Furthermore, we have become aware of another woman with previously treated left breast cancer developing lymphoedema of the left arm after a tetanus booster injection in the right arm. This patient presented to our lymphoedema clinic 3 months after her vaccination for follow up only, after receiving treatment at another physiotherapy clinic. The patient observed oedema of her left arm within 6 hours of the vaccination and the oedema took 2 months to resolve. There was no infection or trauma that would explain the onset of her left arm lymphoedema. She had never had lymphoedema before the vaccination. In this patient if the mechanism was simply due to circulating immune complexes, there should have been a more intense local reaction at the injection site rather than lymphoedema of the contralateral arm.

It is not surprising that there is a paucity of studies in this area, as running a prospective, randomised controlled trial vaccinating a patient's 'at risk' arm would most likely be considered ethically unsound, or would suffer in its recruitment. The purpose of this article is to highlight the perils of subcutaneous immunisations in an at risk limb many years after cancer treatment (and perhaps even in the contralateral arm of an at risk patient as highlighted by the second case described above).
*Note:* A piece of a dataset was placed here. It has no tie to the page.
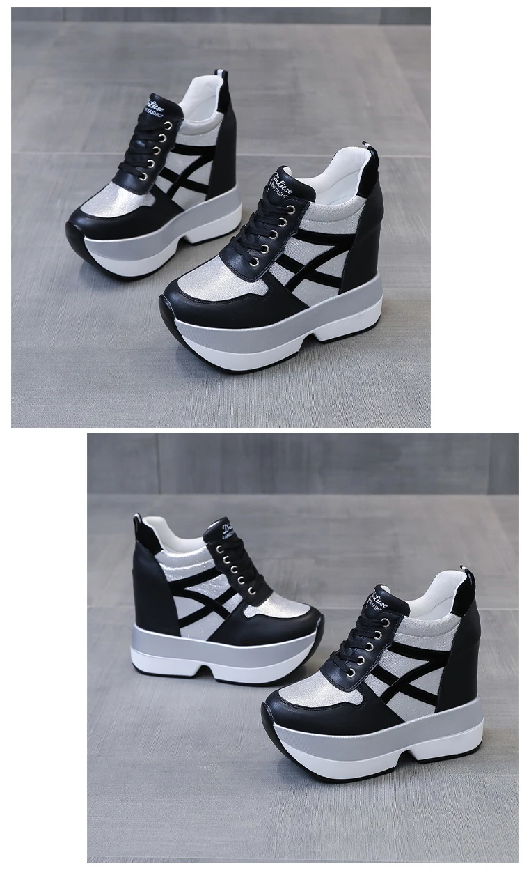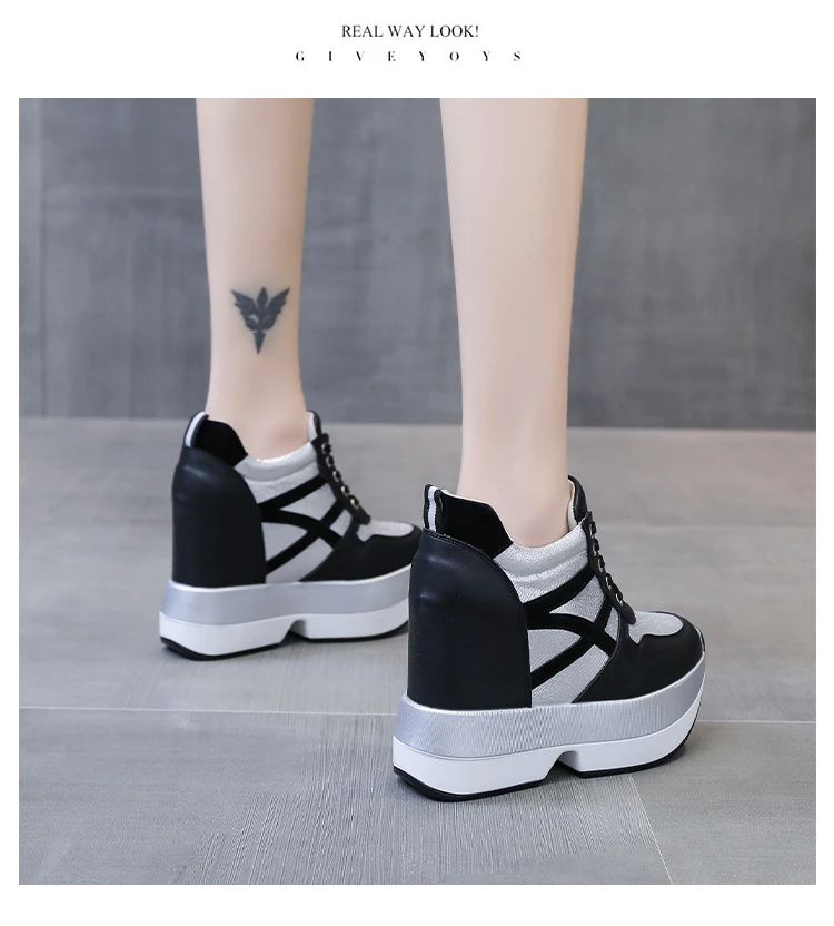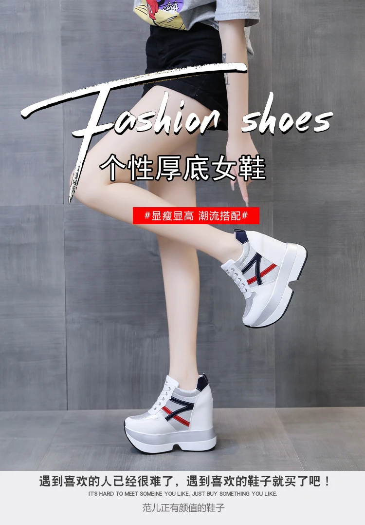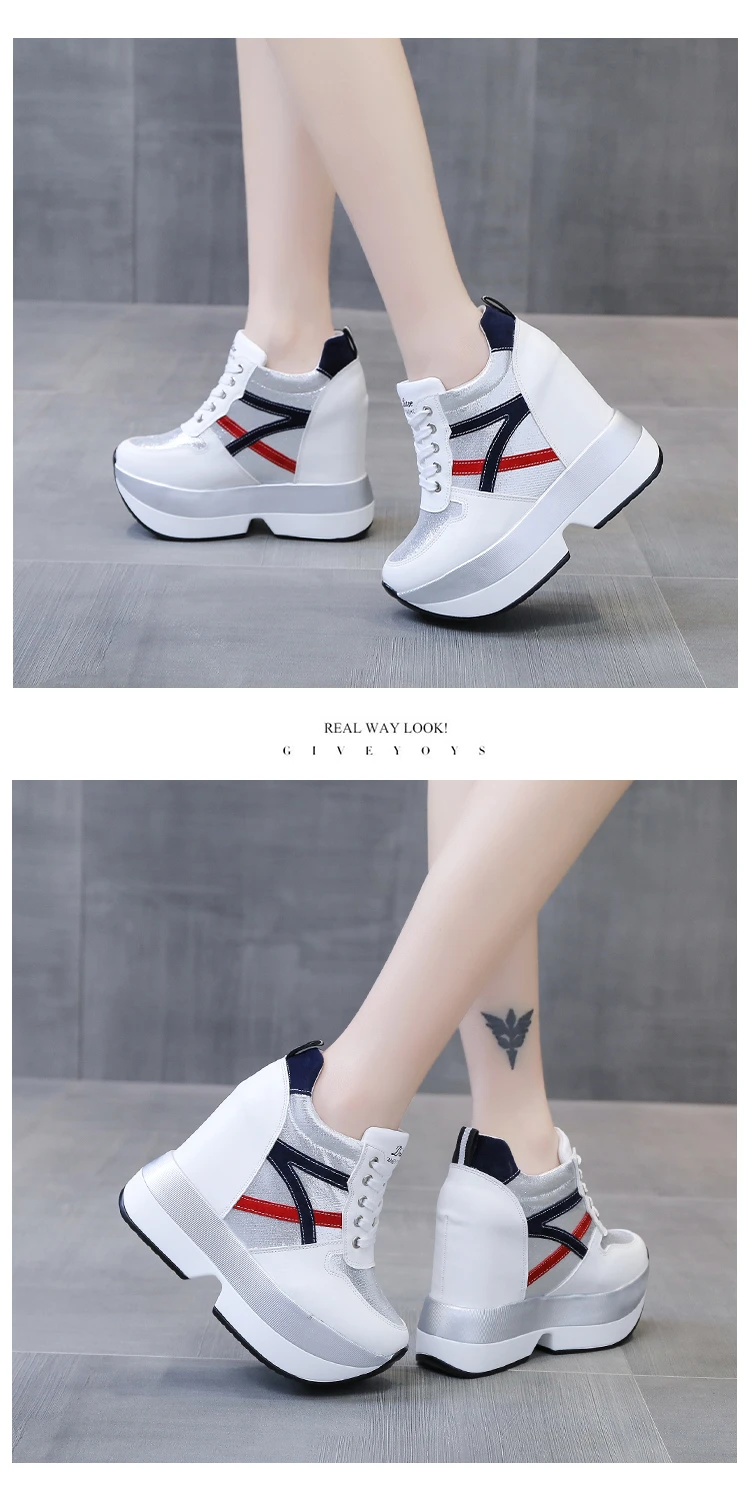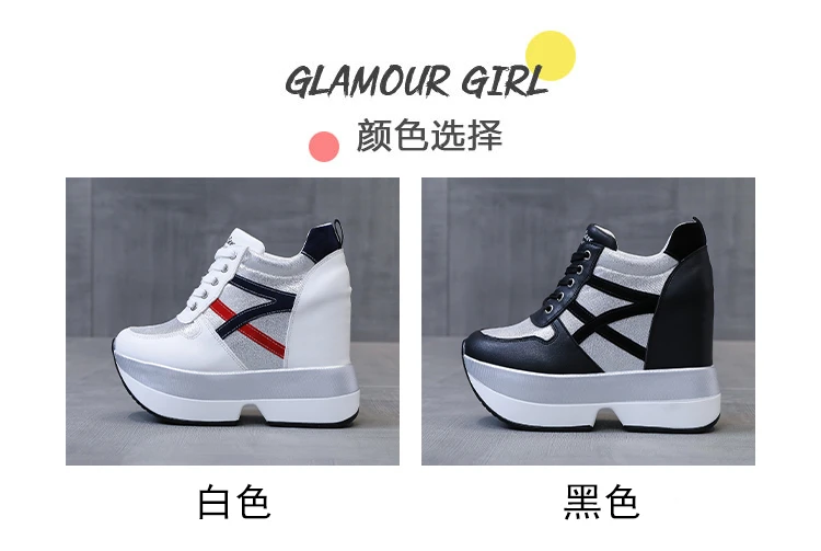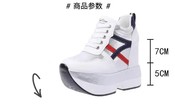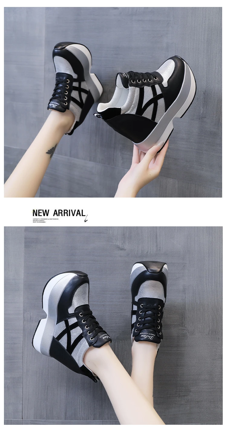 Autumn Women High Platform Shoes Height Increasing Casual Shoes 12 CM Thick Sole Trainers Breathable Shoes Women Sneakers

Glaxo-Smith-Kline, the manufacturers of Boostrix®-IPV, have been informed of this adverse event. In the future it may be necessary for vaccine product information to include a reminder to warn patients of the risk of lymphoedema, or for compression garments to be worn on the at risk limb for a period of time after vaccination. However, given that there are no studies that prove or disprove an association between vaccination and the risk of developing or exacerbating lymphoedema, care needs to be taken in the advice that is delivered to patients by clinicians. This is also true for factors such as air travel, intravenous cannulations, blood pressure cuffs, tourniquets and prolonged exposure to heat, for which there is very little evidence to support or deny a relationship with lymphoedema.

Key points

  • Risk of lymphoedema in patients who have had surgery and/or radiotherapy for breast cancer may still be present many years after treatment.
  • Vaccinations may increase the risk of lymphoedema, regardless of whether or not the injection is performed on the 'at risk' side.
  • Early referral to an appropriate lymphoedema physiotherapist is recommended should lymphoedema occur following vaccination.